> _What you will do_
Your output must hold every entry exactly as written and none of the pictures.

(Provided material begins)

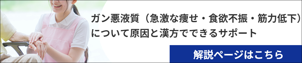 「ガン闘病中の方の漢方相談」「悪液質の不安に体調から支える漢方」「副作用の不快感軽減・体力向上支援」ガン闘病中の患者様やご家族へ — 漢方を使ったサポートをご提案
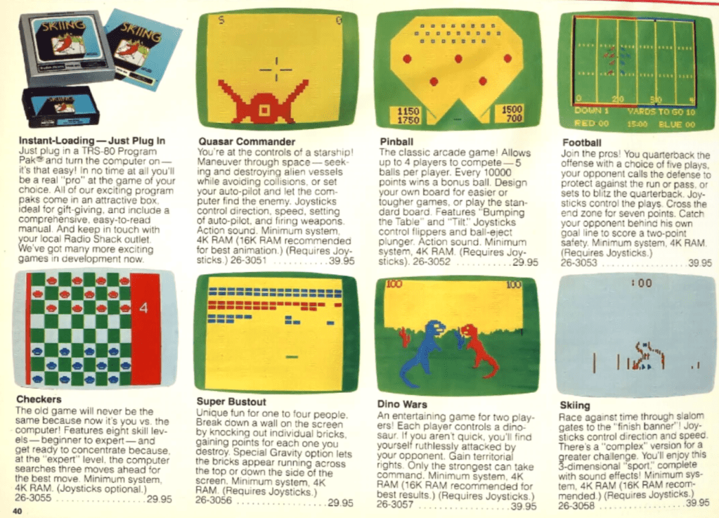 The Color Computer came in two versions, a $399 model with four kilobytes of RAM, and a $599 model with sixteen kilobytes and a more feature-rich BASIC interpreter. The price point was attractive enough, but this was not a computer to set the world on fire. The four-color graphics and single-channel sound paled in comparison to what TI and Atari offered, and the low-quality joysticks (they did not “self-center”) worked poorly for many arcade-style games. And then there was the dearth of software to consider. Radio Shack held to its strategy of forbidding third-party software from their stores unless they licensed it through Radio Shack, who took a substantial percentage (if they agreed to the license at all). This discouraged software developers from authoring Color Computer software, and at launch there were only a handful of Radio-Shack-authored titles available (mostly games, of course).[5]
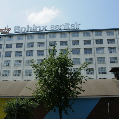 WERKPLAATS in utilitaire hoogbouw van de sanitairfabriek NV Koninklijke Sphinx, 1930-1940, dominant gesitueerd aan Boschstraat en Bassin. Het fabrieksgebouw is in drie stadia tot stand gekomen (1930, 1932 en 1940) en daarbij steeds in noordelijke richting uitgebreid. Aannemer Van den Hof te Maastricht was verantwoordelijk voor de realisatie van het geheel.
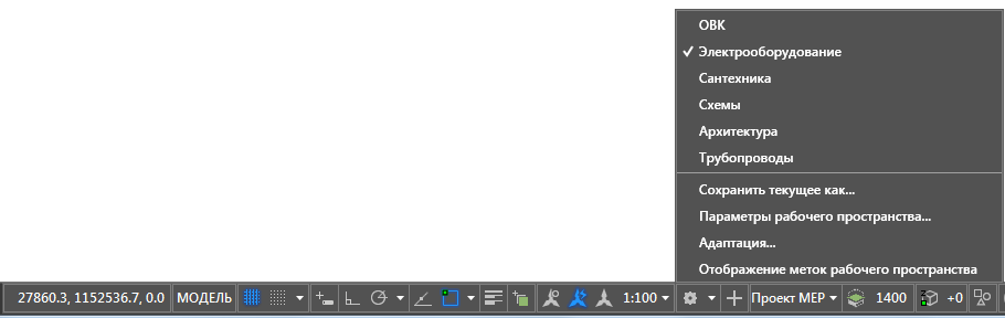 Для активизации рабочего пространства выберите имя рабочего пространства из раскрывающегося списка в строке состояния приложения.
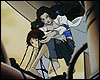 : клуб "Сайберия", судя по всему, ещё никого нет, только троица ребят сидит за столиком. Мю-Мю и Масаюки скучают, а Таро, развалившись в кресле, ухмыляясь, смотрит что-то через виртуальные очки. он громко произносит в пустоту: "ага, так вот оно как!" Мю-Мю вяло интересуется, с кем он общается, и Таро начинает смеяться. потом приподнимается на кресле и, гордо взглянув на друзей, заявляет: "а знаете что? я поцеловал ангела!" Мю-Мю сникает и жалобно смотрит на него: "Таро..."
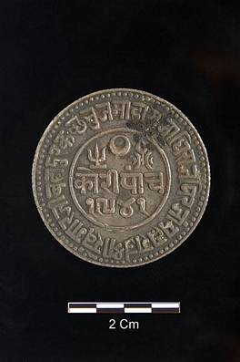 | Description / विवरण | Obverse Legend along the border Mahraja . Centre circle enclosing a trident, moon and legend Kori Pach 1941. Reverse Ornament border and dotted margin Urdu legend - Daksori, Kaisar hind, Zerb- Bhuja. 1884. |

(Provided material ends)

> _Result_
 「ガン闘病中の方の漢方相談」「悪液質の不安に体調から支える漢方」「副作用の不快感軽減・体力向上支援」ガン闘病中の患者様やご家族へ — 漢方を使ったサポートをご提案
 The Color Computer came in two versions, a $399 model with four kilobytes of RAM, and a $599 model with sixteen kilobytes and a more feature-rich BASIC interpreter. The price point was attractive enough, but this was not a computer to set the world on fire. The four-color graphics and single-channel sound paled in comparison to what TI and Atari offered, and the low-quality joysticks (they did not “self-center”) worked poorly for many arcade-style games. And then there was the dearth of software to consider. Radio Shack held to its strategy of forbidding third-party software from their stores unless they licensed it through Radio Shack, who took a substantial percentage (if they agreed to the license at all). This discouraged software developers from authoring Color Computer software, and at launch there were only a handful of Radio-Shack-authored titles available (mostly games, of course).[5]
 WERKPLAATS in utilitaire hoogbouw van de sanitairfabriek NV Koninklijke Sphinx, 1930-1940, dominant gesitueerd aan Boschstraat en Bassin. Het fabrieksgebouw is in drie stadia tot stand gekomen (1930, 1932 en 1940) en daarbij steeds in noordelijke richting uitgebreid. Aannemer Van den Hof te Maastricht was verantwoordelijk voor de realisatie van het geheel.
 Для активизации рабочего пространства выберите имя рабочего пространства из раскрывающегося списка в строке состояния приложения.
 : клуб "Сайберия", судя по всему, ещё никого нет, только троица ребят сидит за столиком. Мю-Мю и Масаюки скучают, а Таро, развалившись в кресле, ухмыляясь, смотрит что-то через виртуальные очки. он громко произносит в пустоту: "ага, так вот оно как!" Мю-Мю вяло интересуется, с кем он общается, и Таро начинает смеяться. потом приподнимается на кресле и, гордо взглянув на друзей, заявляет: "а знаете что? я поцеловал ангела!" Мю-Мю сникает и жалобно смотрит на него: "Таро..."
 | Description / विवरण | Obverse Legend along the border Mahraja . Centre circle enclosing a trident, moon and legend Kori Pach 1941. Reverse Ornament border and dotted margin Urdu legend - Daksori, Kaisar hind, Zerb- Bhuja. 1884. |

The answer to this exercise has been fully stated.